A deep-dive into Flux Aggregators. - 2020-11-10

RunLog Jobs

Since Chainlink’s inception, node operators have been running a classic job type called RunLog jobs. RunLog jobs require oracles to listen for specific on-chain events in order to start a new round of aggregation — this happens on a set time interval or when the off-chain price of the asset deviates from the latest on-chain price. Each node operator is given a job specification, like the one shown below, to determine when and where they’ll get the answer and submit it to the contract. Also found in job specs are details like how to parse the JSON from specified API source, multiply value to be used, etc.


Pay close attention to the “initiators” property; it specifies the when for a given job. In the above example the type of initiator is set to RunLog — we can interpret this simply as “run the job when a specific log is observed”. Here, a log is an event emitted on-chain by the oracle contract (in this job spec our node is told to listen specifically for such events emitted by the contract “0x51DE85B0cD5B3684….”). When the oracle contract ‘logs’ an event on-chain, the job runs.

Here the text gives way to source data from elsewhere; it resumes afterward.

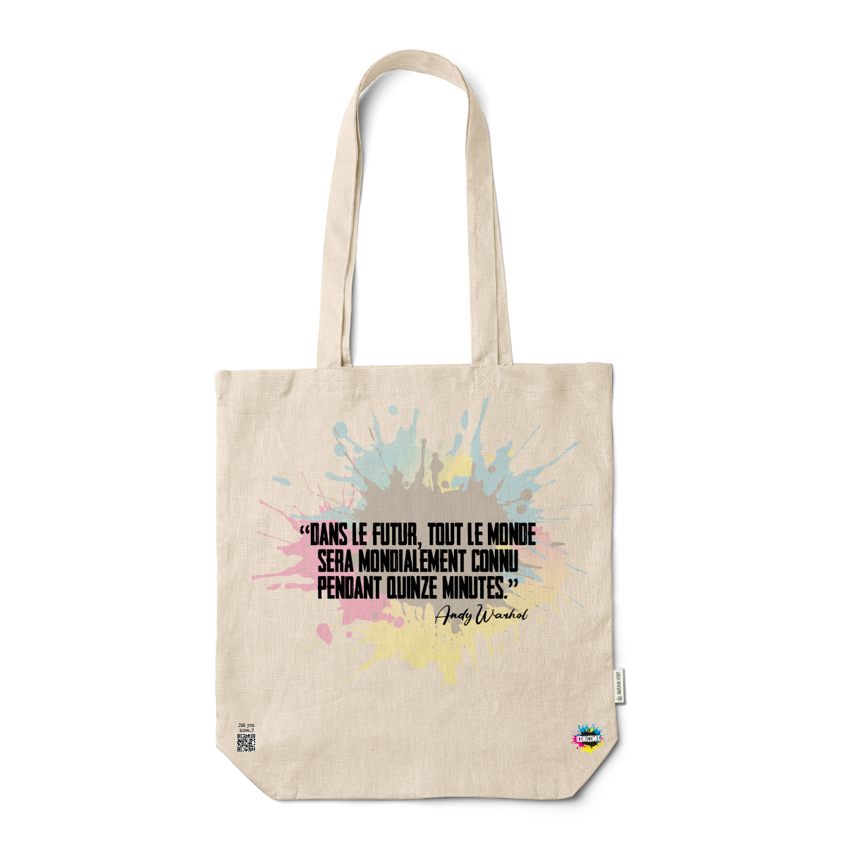 Borsa con linguetta in tessuto 100% canapa (200 g/m²). Manici rinforzati lunghi 70 cm. Misure  38cm x 10cm x 42cm. Resistente e capiente. In 4 colori
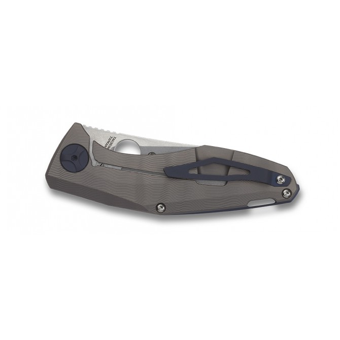 La principal característica destacable de esta navaja Drunken es el diseño innovador de sus cachas, fabricadas en una única pieza de titanio. Esta estructura aporta estabilidad y durabilidad a la navaja, ya que evitar que se separe la cacha de la hoja. Además, gracias al material con el que se ha construido, ganará resistencia ante todo tipo de golpes.
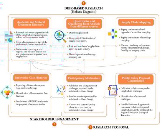 - Participatory mechanisms: while a better understanding of each supply chain was established by mapping and quantifying their dimension, complexity, and economic relevance at a regional level, the next step of the project was designed to include the personal experience of several actors from each supply chain, as well as their interaction with institutional representatives. This phase was conducted, in line with the scientific literature analyzed, on the topic of the circular economy, which revealed the need to involve stakeholders at the level of the supply chain in the development and evaluation of possible directions for the transition from a linear to a circular and more sustainable system, in order to understand potential, dormant assets and possible barriers [13]. The process followed therefore placed emphasis on the engagement of relevant stakeholders for contemporary agri-food circular economy research. Taking the project’s final objective of public policy development into account, it was decided that it was best to employ a participatory, deliberative approach to the validation of the quantitative analysis, as well as to the understanding of challenges faced by each of the supply chains. Therefore, a series of supply chain circularity and ecological transition-focused focus groups were designed and implemented.
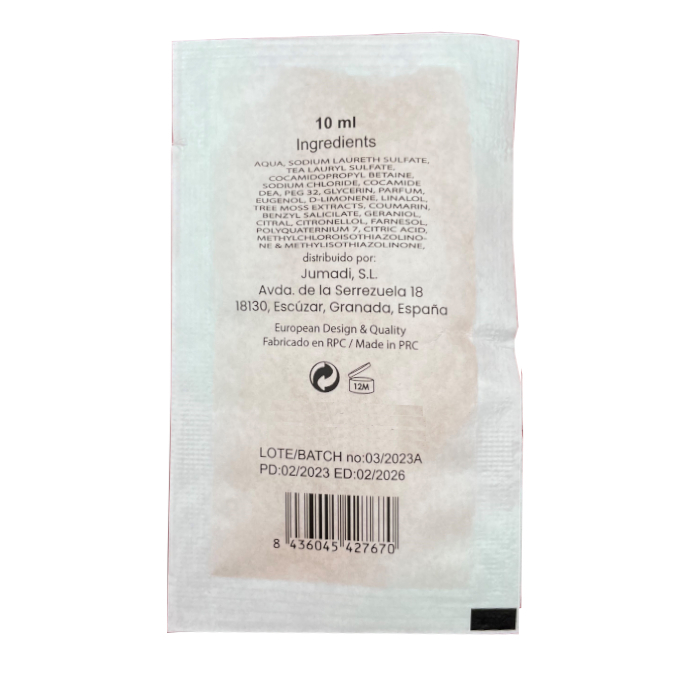 Sobre de gel de ducha de 10 ml para el cuerpo para el cuidado e higiene personal. Sin parabenos.
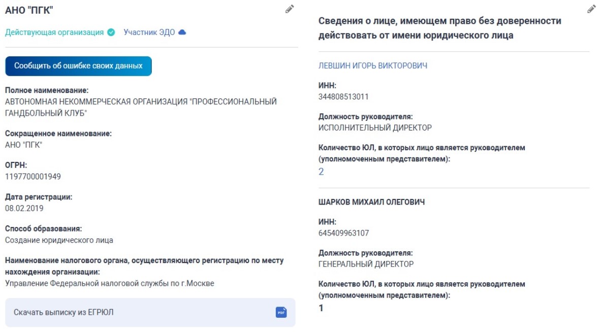 Когда готовил материалы дела, то заметил, что Игорь Левшин (исполнительный директор юридического лица ЦСКА – АНО «Столичный центр развития гандбола») стал и исполнительным органом в юридическом лице женского ЦСКА – АНО «Профессиональный гандбольный клуб»:
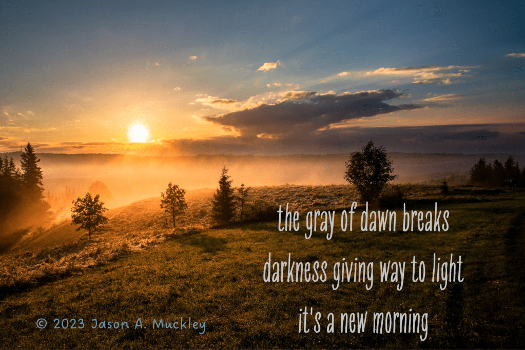 March 12, 2023March 12, 2023 Jason A. Muckley Morning #Haiku #Poetry #Journey Photo by Dawid Zawila on Unsplash the gray of dawn breaksdarkness giving way to lightit’s a new morning © 2023 Jason A. Muckley Share this: Click to share on X (Opens in new window) X Click to share on Facebook (Opens in new window) Facebook Click to share on Reddit (Opens in new window) Reddit Click to share on Pinterest (Opens in new window) Pinterest Click to email a link to a friend (Opens in new window) Email More Click to share on Tumblr (Opens in new window) Tumblr Like Loading... Related
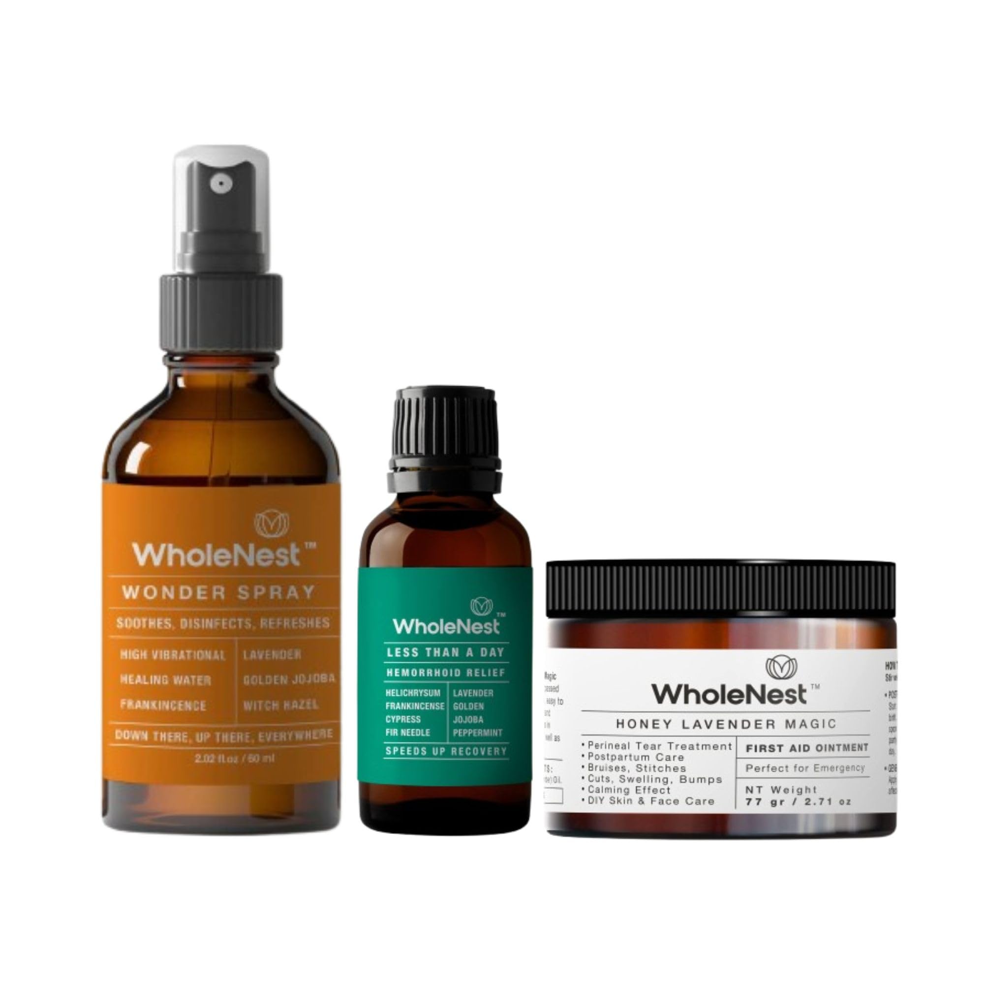 Experience gentle postpartum recovery with WholeNest's Postpartum Care Kit. Featuring Wonder Spray Postpartum Essentials, Honey Lavender Magic Perineal Liquid Balm, and Less Than A Day Hemorrhoid Relief Essential Oil, this kit soothes discomfort, supports recovery, and promotes perineal care for new moms. Perfect for addressing postpartum stitches, C-section scars, and fissures, these all-natural solutions are crafted with calming ingredients like witch hazel, honey, and essential oils to provide relief and comfort. Safe, effective, and easy to use, this kit is an essential addition to any postpartum care routine.
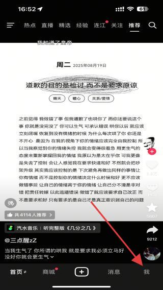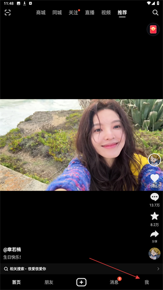1、啟動(dòng)抖音APP進(jìn)入到視頻播放頁(yè)面,再點(diǎn)擊底部導(dǎo)航欄最右側(cè)的我。

Let’s look at this event from the aggregator contract side:


We see here that the aggregator contract emits an OracleRequest event when there is a rate update request, which is exactly what the nodes listen for. This is the event that triggers a job. Look at the same event again on Etherscan:


Now check one of the many oracle responses to this particular event:


In event log 258 notice the AnswerUpdated function being called with the oracle’s updated answer.

The RunLog model works well: aggregator contract sends requests to oracle contracts, oracle contract emits a log, node listens and responds. Contracts remain constantly updated. But it could be better. For some contracts it is hard to determine how frequent the update interval should be. When the market is not moving as fast, sending out a full request/response round would cost a lot. There’s little reason to send all oracle contracts the same request transaction when each transaction requires so much gas — this is something flux aggregator contracts solve.

Flux Monitors

The flux aggregator is a new type of aggregator contract that Chainlink has been rolling out since July 2020. Its primary goal is the reduction of feed-update costs while delivering greater decentralization. Here’s how flux aggregators work. Node operators are again provided with the contract address and the API sources they’ll be using. The difference: instead of responding to a round initiated by a single request, they’ll be polling the API sources for the latest answer at a short interval and responding to each other’s new round requests. The oracles are polling to determine whether a deviation threshold for the latest on-chain answer is exceeded. Only when an answer exceeds the threshold does the oracle send a transaction on-chain and mark the start of a new round of aggregation. This means request rounds can be triggered by individual nodes, each monitoring their own set of APIs per feed.

The Code

This is one of the job specifications currently run by Secure Data Links:


There are some fairly big changes from the RunLog job spec we previously looked at. First, we see the initiator type changes from ‘RunLog’ to ‘fluxmonitor’ (on top of far richer object information). Let’s break down some of the key fields in the ‘params’ object:

“address” — the flux aggregator address.

“requestData” — price reference data we are collecting (e.g. COMP/USD). This is the payload that will be sent to the bridges in the feeds array next.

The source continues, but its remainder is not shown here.